NOTICE AND DISCLAIMER: Our free research does not constitute a trade recommendation or solicitation for our readers to take any action regarding this research.  It is provided for educational purposes only.

 

Snap Could Break Out To New High

Snap Inc. (SNAP) surged to the highest high in nearly two months on Thursday after announcing the launch of personalized public profiles and advanced analytics to their global user base. The initiative expands on prior permissions that allowed only verified celebrities, brands, and official creators to build static profiles, which contain short biographies, recent content listings, and customized lenses.

Snap Expands User Customization

All users can now set up profiles with account photos, bio sections, text descriptions, locations, email contacts, and URLs. They can also customize a creator-curated collection of recent photo/video uploads as well as everything published through the lens studio. New profile features include ‘Stories Replies’, where users can discuss their stories and ‘Quoting’, which allows creators to share and respond to follower inquiries.

Bank of America analyst Justin Post said in a Thursday note he expects the Snap initiative to underpin share price, commenting, “Snap plans to roll out this functionality globally in the coming months…With this announcement Snap blends together existing Snap functionality with new features that are common to apps including TikTok, Instagram, and Twitter and we see a number of potential engagement drivers if the functionality gains traction”.

Wall Street And Technical Outlook

Wall Street consensus rates Snap as a ‘Moderate Buy’, based upon 19 ‘Buy, 9 ‘Hold’, and 1 ‘Sell’ recommendation. Price targets currently range from a low of $16 to a street-high $30 while the stock is trading less than $3 below the median $26 target in Thursday’s U.S. session. There’s plenty of room for upside in this placement but new investors may wait for more bullish catalysts before jumping on board.
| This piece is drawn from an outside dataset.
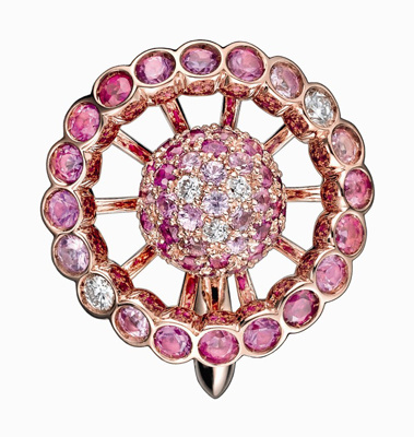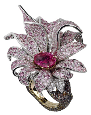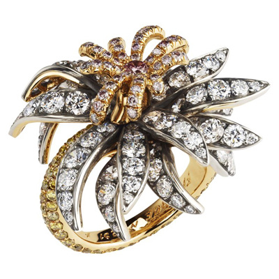 لقد تم تصميم خاتم مانجوليا المفعم بالحركة ، باستخدام ثلاثة ألوان من الألماس ، الأبيض للبتلات ، الوردي لقلب الزهرة ، والألماس الأصفر المصقول يلتف حول شريط الخاتم .

Snap came public at 24 in March 2017 and posted an all-time high at 29.44 in the following session. The subsequent decline hit an all-time low at 4.82 in December 2018 while price action into July 2020 stalled within 5 points of the 2017 high. The stock pulled back into August and has now bounced off the 50-day EMA, raising odds it will complete the long-awaited round trip. Accumulation readings have already hit new highs, indicating that price may soon follow.

Snap Q2 Losses Widen But Revenue Increases; Target Price $28

Snap Inc, an American camera and social media company, reported that its net loss widened in the second quarter to about $326 million as the company suffered a blow from the COVID-19 pandemic, sending its shares down over 2%.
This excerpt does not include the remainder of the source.